I hate your children

Because you don't supervise them and they run around and do whatever they want....like silly stringing cars. There should be a law that parents who have asshole kids like yours should be sterilized. It's really your fault they are assholes to begin with. Be a better parent and get on some birth control.

I went riding this morning with Jeremy and laid out by the pool the rest of the day. I got hit on by some old lady who was telling me how great my suit was and how good looking she thought I was. AWKWARD. I talked to her for about 30 mins and her story is an interesting one. Makes me wonder how I will be when I am her age.

Saturday, June 19, 2010

Ultra

It's Saturday night. I am home with a baby pug with lethal farts sitting on my lap. This means that I am at home blogging at 9:30 pm on Saturday night. I'm not awesome.
 Jeremy is currently in Elko (MY hometown) enjoying the biker festival. I wanted to go but as I am the only one on the planet apparently that does not have a motorcycle I'm here with this adorable little pup, Michelob Ultra, and a bottle of Xanax. Boy oh boy! I'm not gonna lie I'm really jealous I'm not there since all my Elko friends are telling me how awesome it is and how there is orgy's on bar floors! Great get my boyfriend there STAT. Ugh - fuck you this weekend..... fuck you. At least I have this cute dog to make up for it. She peed on his bed too!

Saturday, June 12, 2010

I wake up in the morning feelin' like P- Diddy

Fuck that! I bet P-Diddy doesn't wake up anytime before noon. I woke up at 7 am. 7 AM!!! Stupid job messin' up my sleeping habits. Too early to text Travis to see if he wants to lay out as he is most definitely still drunk and maybe even still awake from last night. He doesn't waste his weekends like me. I was out at 9 pm last night. I fell asleep on a mattress on the floor in the other room. I think it was because I was so disappointed at this lady ruining my food order that I had no other choice but to eat a xanax and drink a beer, then promptly pass out.

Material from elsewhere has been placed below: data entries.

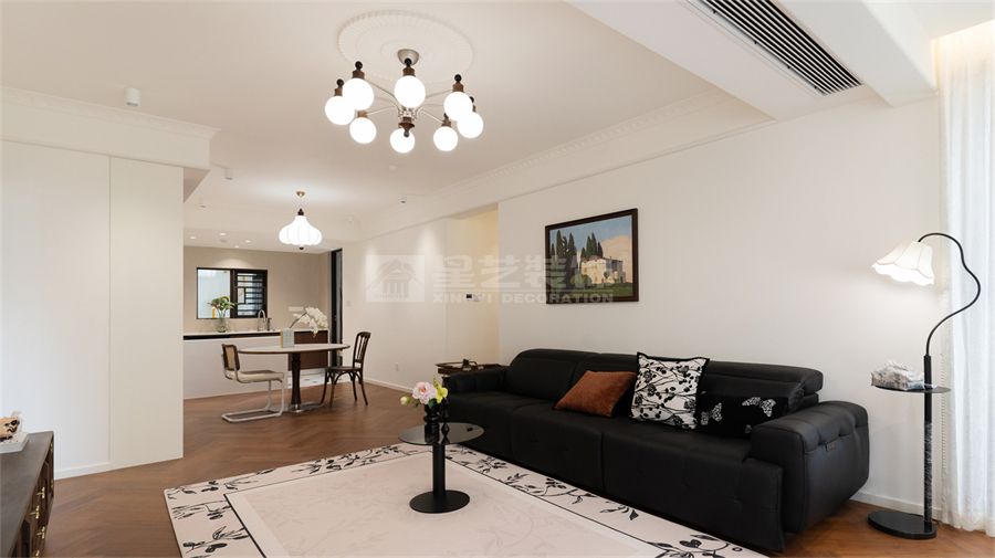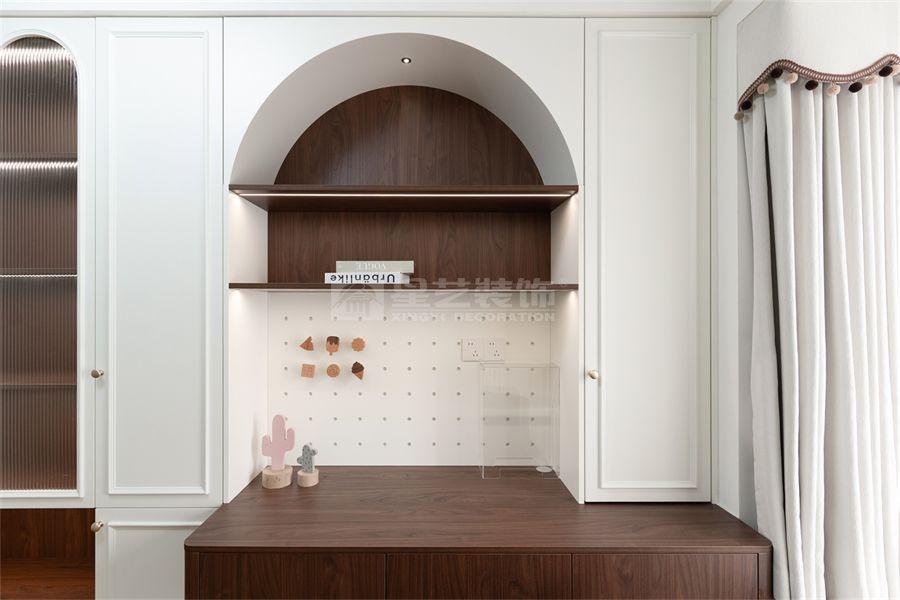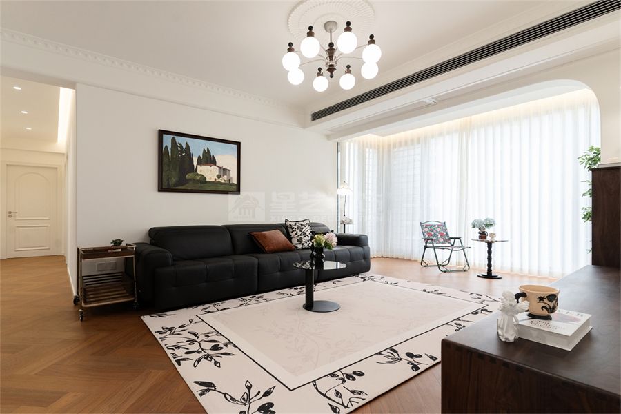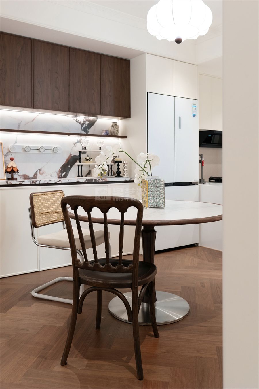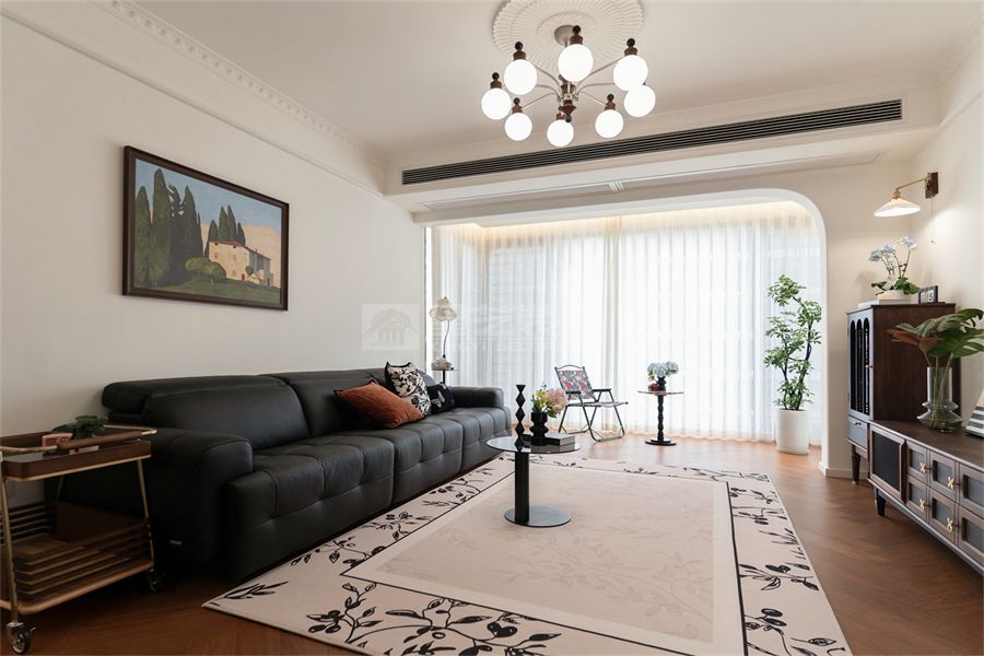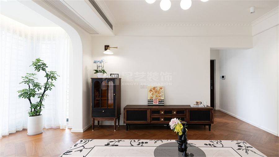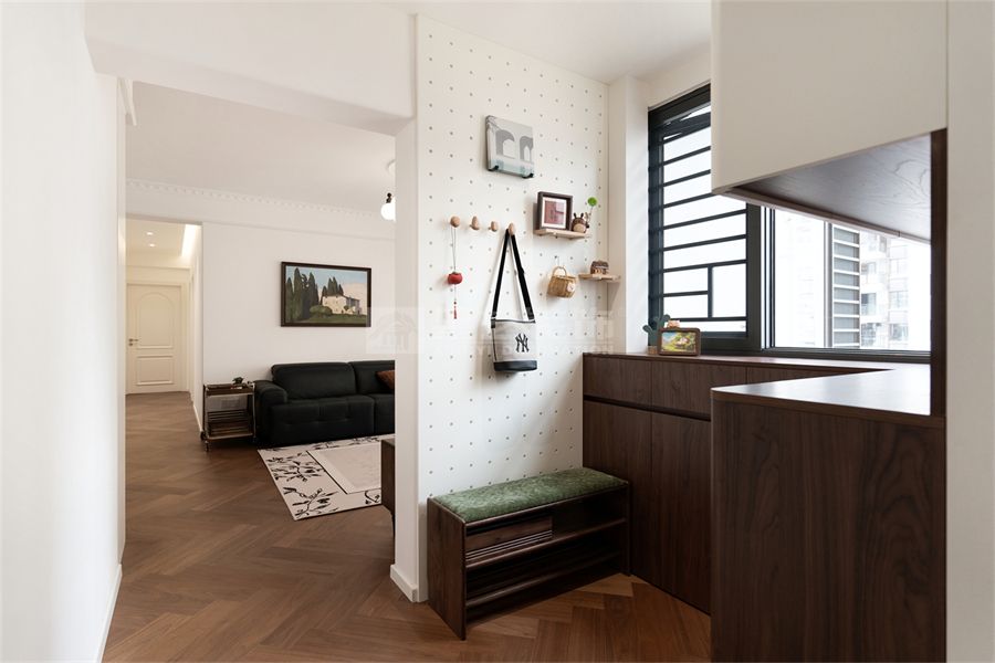 本案以中古风为核心,在 140㎡四居室空间里,平衡复古质感与现代居住需求。整体采用温润木色搭配低饱和大地色系,用胡桃木等材质,还原年代感与质朴肌理,摒弃繁复造型,强调线条利落与空间通透。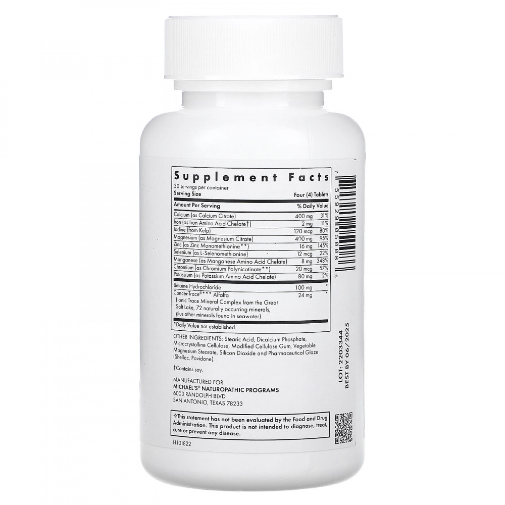 | Люцерна Concentrace® (Комплекс микроэлементов из ионного комплекса из большого Соленого озера, 72 минерала природного происхождения, а также другие минералы, содержащиеся в морской воде. | 24 мг | * |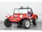 Deze rode Kever-buggy met witte velgen is een pure fun-auto, gebouwd op het betrouwbare onderstel van de klassieke Volkswagen Kever met achterwielaandrijving. Onder de lichte, open buggy-carrosserie ligt de beroemde luchtgekoelde viercilinder boxermotor achterin, simpel van opzet, goed bereikbaar en geroemd om zijn degelijkheid en karakteristieke geluid. Het lage gewicht in combinatie met deze onverwoestbare Kever-techniek zorgt voor een levendig rijgedrag en een directe, ouderwets mechanische rijbeleving die perfect past bij het speelse uiterlijk van deze buggy.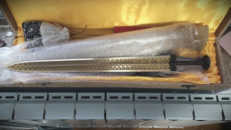 沉甸甸的一把剑,还是很有分量的!这把剑做工也很精细,是一份很不错的工艺品(忽略后面凌乱的背景)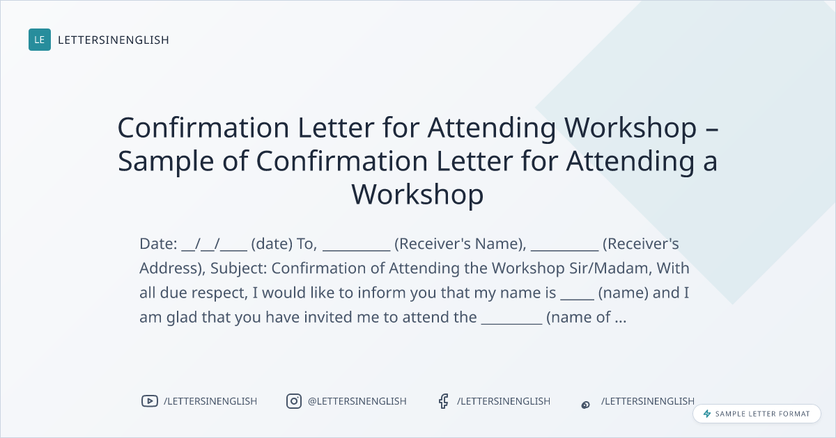 Confirmation Letter for Attending Workshop – Sample of Confirmation Letter for Attending a Workshop

I was suppose to meet my dad for breakfast but he wasn't in the mood so I just had this instead. MMMM!


I did make it to the gym today. This guys was there.  His name is Marcus he was on last comic standing and he is fucking  HUGE. By huge I mean ripped like the Incredible Hulk.
This was my first time going to the Murray 24 Hour and I like it a lot better. Almost everything I use is upstairs and its not as busy as the Sugar House one in addition to being within walking distance of my new residence.

Friday, June 11, 2010

Random picutres from my last Las Vegas trip.

There are no words for how drunk I was in this picutre.


 
This guy was wearing this in 80 degree weather.
 
Me and the Freetz
 
I do give lessons on how to be classy.
 
I wish we had these in Utah.

Thursday, June 10, 2010

Whatever you want it to be.

I moved! And sweet black baby Jesus does it feel good to be done. There is nothing like moving a bed that weighs more than your car does with a forearm fork-lift. I still have bruises. I'm pretty sure the only reason I even bought this was because of the picture on the packaging. Those girls aren't even breaking a sweat. They are standing there saying "Hey, look at us. We are moving this large piece of furniture in slacks and its completely effortless! You should buy these!!" Lies. That thing they are holding must be made of foam.

So let's talk about apartment living. The thought of even having a thought of living in an apartment made me cringe, but here I am -And actually really happy with the decision to do it. Its cheap so I can save more to buy a house. It's really really cute inside. There is a pool and hot tub so I have a place to lay out this summer, and its closer to my job which is a good thing because driving more than 10 minutes to get to work is lame. 
I'll post some pictures once everything is in order and not a total shit mess.